What to work on: With the pictures omitted, transcribe each line below exactly as it is.

Data segment:
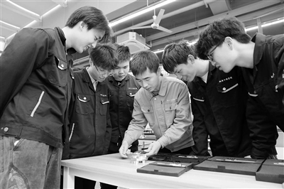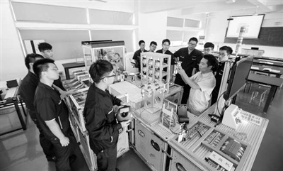 金華職業技術大學與永康職業技術學校共建“浙中五金智能制造產業學院”。圖為產業學院學生進行技能實訓。 學校供圖
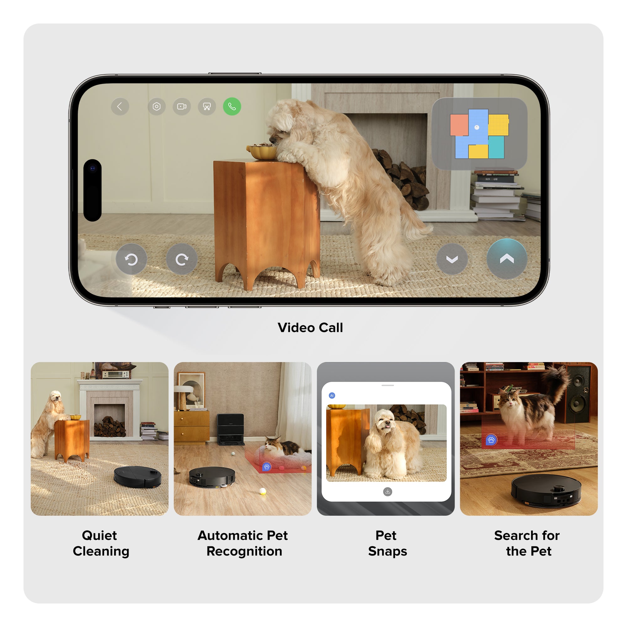 The video call feature, quiet cleaning mode, automatic pet recognition, pet snaps, and search for the pet function all work together to enhance your home cleaning and pet care experience.
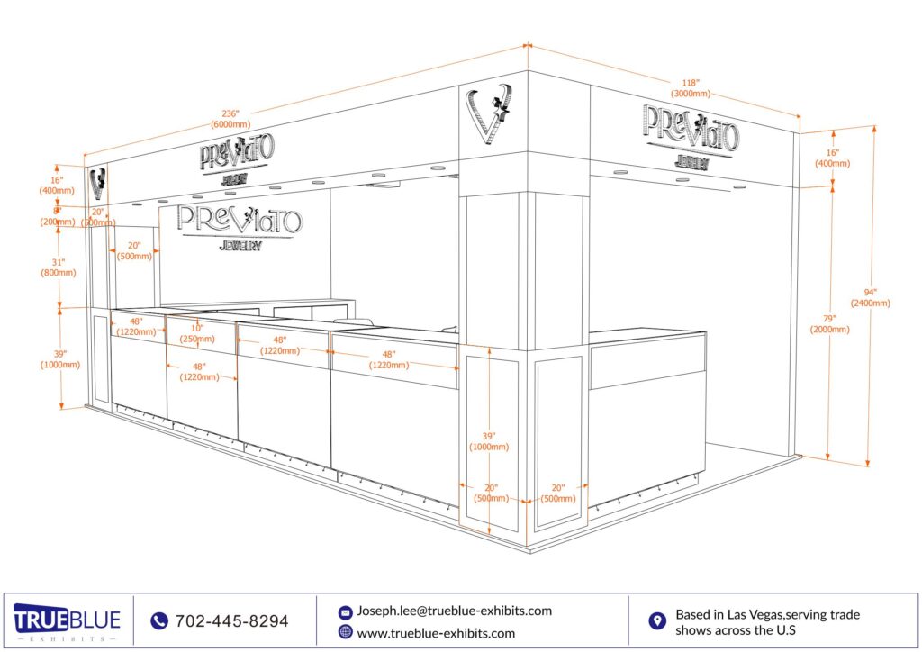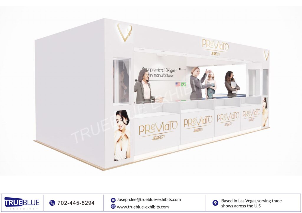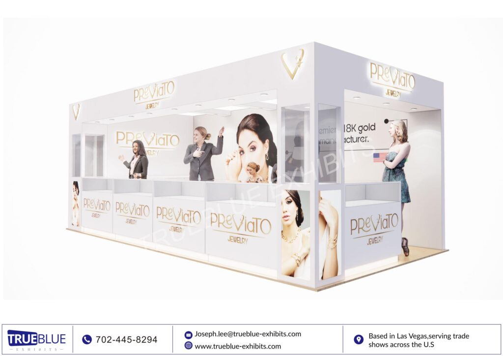 Looking to make a sparkling statement at JCK 2024? Previato Jewelry has partnered with TrueBlue Exhibits to unveil a show-stopping 10′ x 20′ custom exhibit rental. Elevate your brand presence with a design tailored to your unique vision. TrueBlue Exhibits specializes in creating immersive experiences that captivate and engage attendees, ensuring your booth stands out amidst the crowd. From sleek modern aesthetics to luxurious finishes, your exhibit will embody the essence of your brand. Don’t miss this opportunity to showcase your finest jewels in style. Contact TrueBlue Exhibits today to elevate your brand presence at trade show floor.

Response:
 金華職業技術大學與永康職業技術學校共建“浙中五金智能制造產業學院”。圖為產業學院學生進行技能實訓。 學校供圖
 The video call feature, quiet cleaning mode, automatic pet recognition, pet snaps, and search for the pet function all work together to enhance your home cleaning and pet care experience.
 Looking to make a sparkling statement at JCK 2024? Previato Jewelry has partnered with TrueBlue Exhibits to unveil a show-stopping 10′ x 20′ custom exhibit rental. Elevate your brand presence with a design tailored to your unique vision. TrueBlue Exhibits specializes in creating immersive experiences that captivate and engage attendees, ensuring your booth stands out amidst the crowd. From sleek modern aesthetics to luxurious finishes, your exhibit will embody the essence of your brand. Don’t miss this opportunity to showcase your finest jewels in style. Contact TrueBlue Exhibits today to elevate your brand presence at trade show floor.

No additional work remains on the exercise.